Legally, therefore, all of it belongs to the Indian state.
The extraction and eventual sale of both the Maison Tropicale and the Chandigarh furniture was enabled by the natural claim white Europeans often assume over the work of other white Europeans in less powerful parts of the world. ‘Retrievals’ in such cases tend to take on an entitled, civilising tone.
Rethinking Design in the Present
Like Ar. Sharma and others advocated, the Indian government needs to take account of this and lay firm measures to protect its property. But this need was necessitated by the displacement and re-signification of this property by external parties. Without them, the furniture would be used and discarded by the people they had been meant for, as they had been thus far. This became disagreeable only because powerful Euro-American agents - among them people and institutions who were profiting from the sale of the furniture - deemed it so.
Historically, such agents have also played a crucial role in confining all making outside of the ‘West’ to the peripheries of design discourses. Often, such marginalization begins with the framing of objects in the manner the Chandigarh Chairs were, by associating them with European makers while invisibilising non-European labour.
This practice borrows from colonialism but is alive and well in the hands of several design-driven enterprises of our times.
To change this would mean to reorient our present by reconfiguring our ongoing relationship with the past. As far as design history is concerned, this ought also to change our view of past objects, regard natural processes of deterioration and decay with as much reverence as we do conservation.
Instead of lamenting about ‘woeful neglect’ as a threat to design history, this would mean accepting that the woeful neglect is, perhaps, part of the history of design.
Endnotes:
[i] These efforts have eventually proved successful. In 2017 the sale of Chandigarh’s city furniture was made illegal. In 2020 the Archaeological Survey of India directed the Commissioner of Customs, All Customs Exit Channel (air and seaports) to prohibit the export of heritage furniture from Chandigarh. In 2016 Chandigarh’s Capitol Complex, designed by Le Corbusier, was also declared a UNESCO World Heritage site, as MN Sharma had wanted.
[ii] In his interview with Phantom Hands, Vikramaditya Prakash made similar assertions.
[iii] It is likely that the furniture migrated within India. Its appearance in Madan Mahatta’s photographs (link to essay on Madan Mahatta’s photographs) of IIT Delhi proves that they – or their design- definitely travelled. Whether they travelled abroad is unclear. Neither of these journeys, however, appears to have been chronicled.

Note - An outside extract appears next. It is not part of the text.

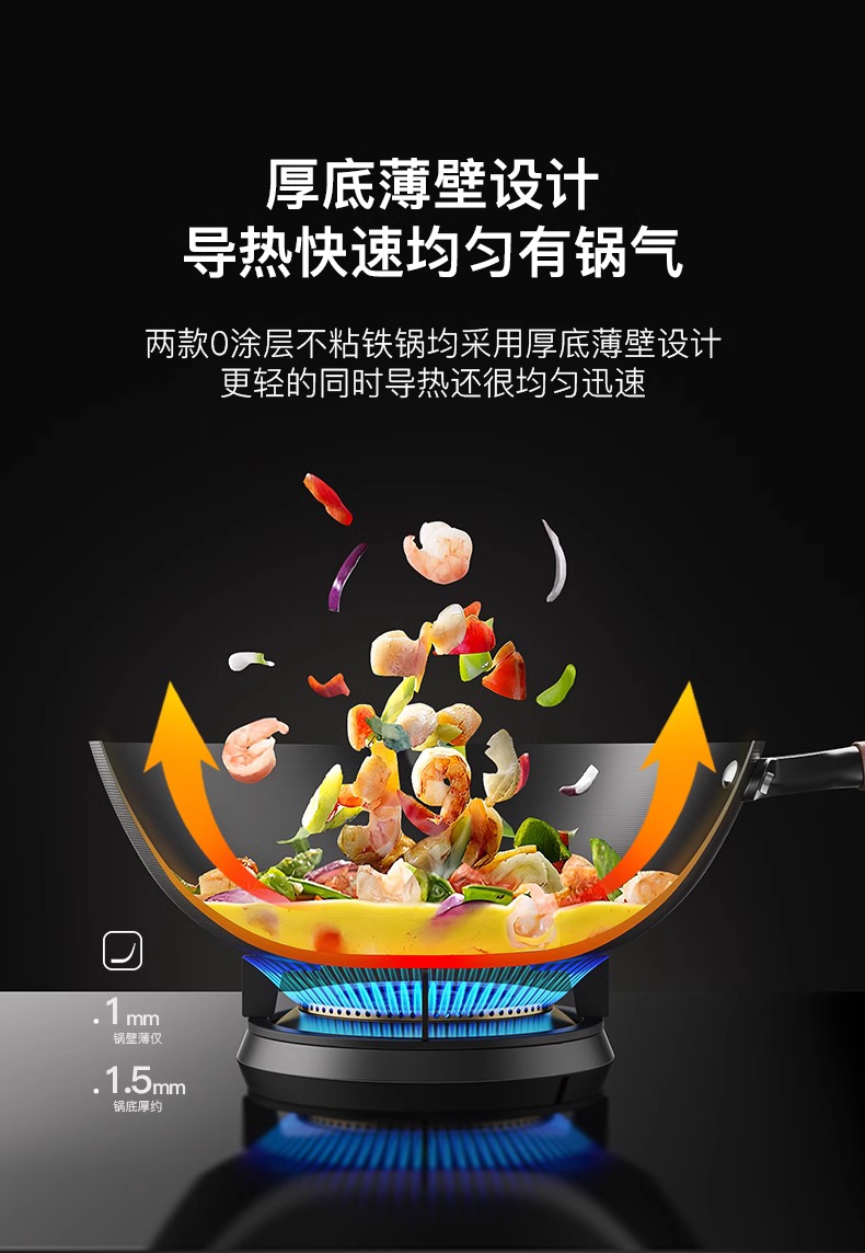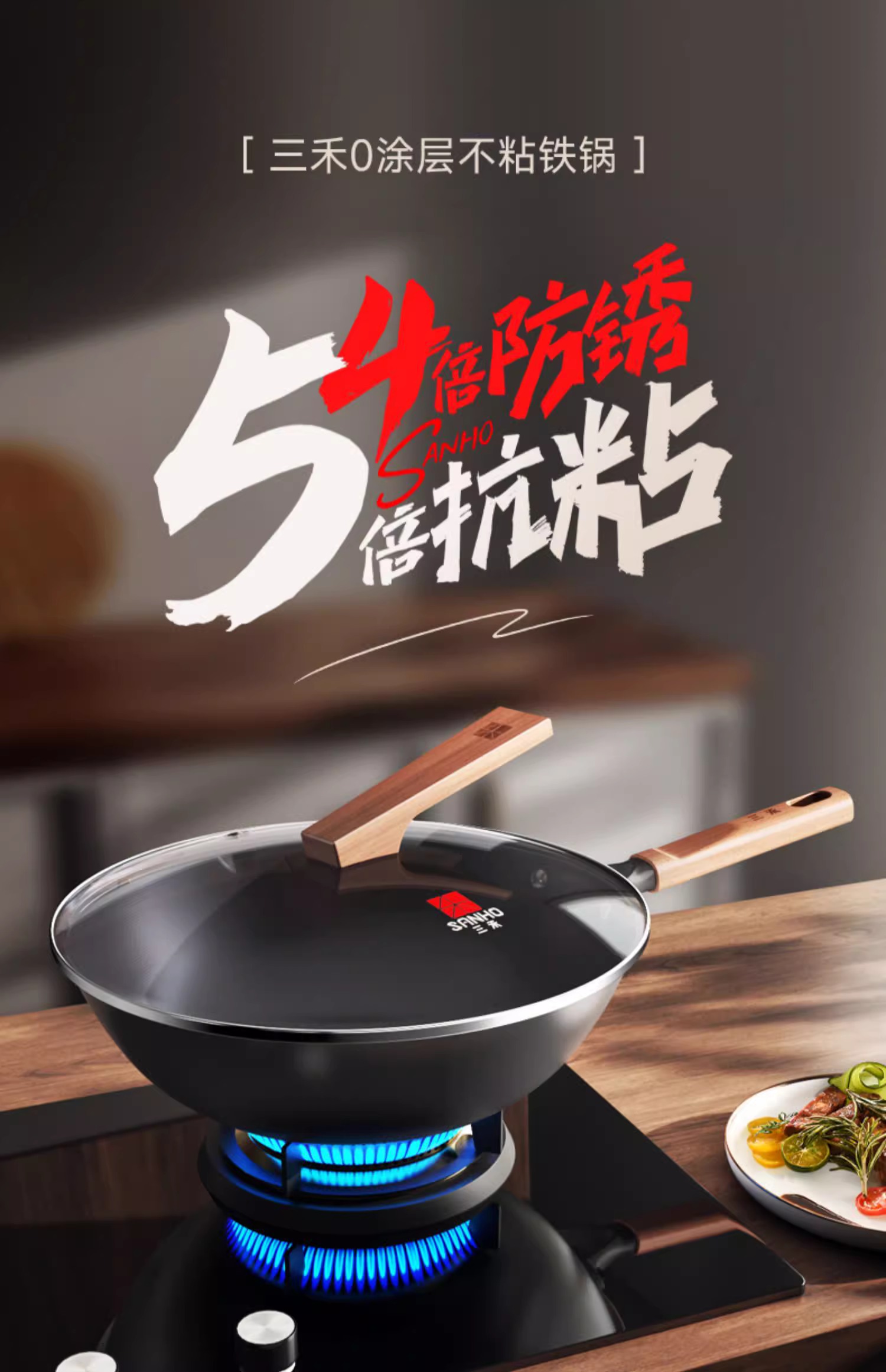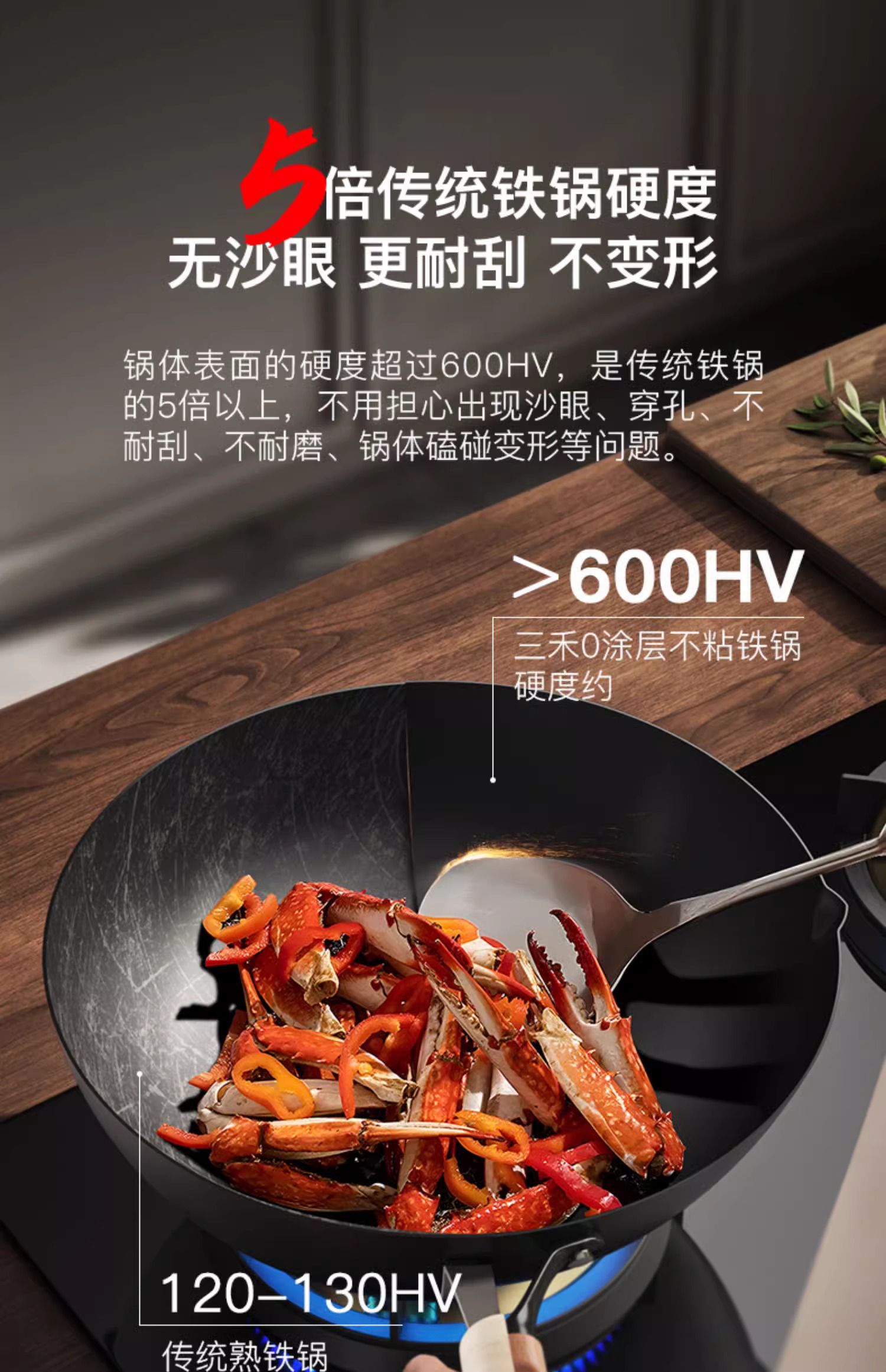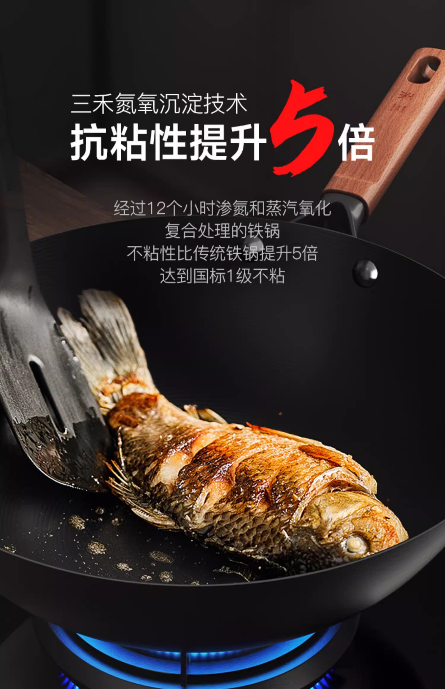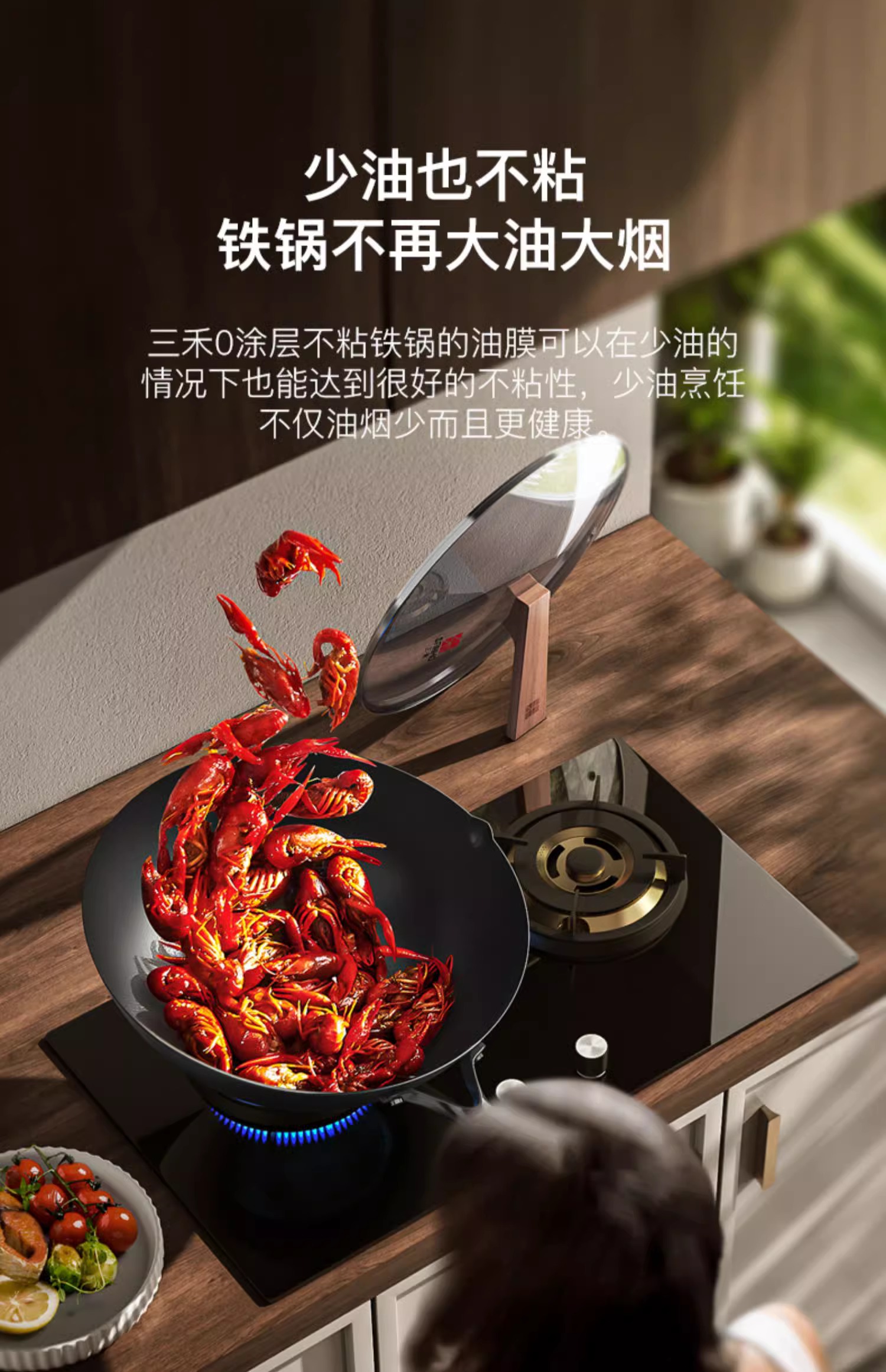 【8折清货,仅1件,无货退款】三禾家用0涂层防锈炒菜燃气灶专用无涂层铁锅炒锅

[iv] See Ishani Ghorai and Samayita Banerjee, Antiquities Theft and Illicit Antiquities Trade in India, October 2018, Sahapedia
[v] The most comprehensive discussion about this carried forth by Nia Thandapani, Petra Seitz and Gregor Wittrick in their presentation, Chandigarh Chairs: Missing Histories, held on the 24th September, 2020, hosted by Bangalore International Centre. Accessible here.
[vi] Pierre Jeanneret was Le Corbusier’s cousin, Corbusier’s real name of course was Charles-Édouard Jeanneret. Jeanneret had worked with Corbusier for years. The narrative built around Jeanneret frequently suggested that he was the more ‘overshadowed architect of the pair’.
[vii] This is coupled with an emotional charge associated with repatriation. On spotting the Maison Tropical in Brazaville, for instance, the French dealer who finally ‘retrieved’ it described feeling ‘Big emotion, great emotion’.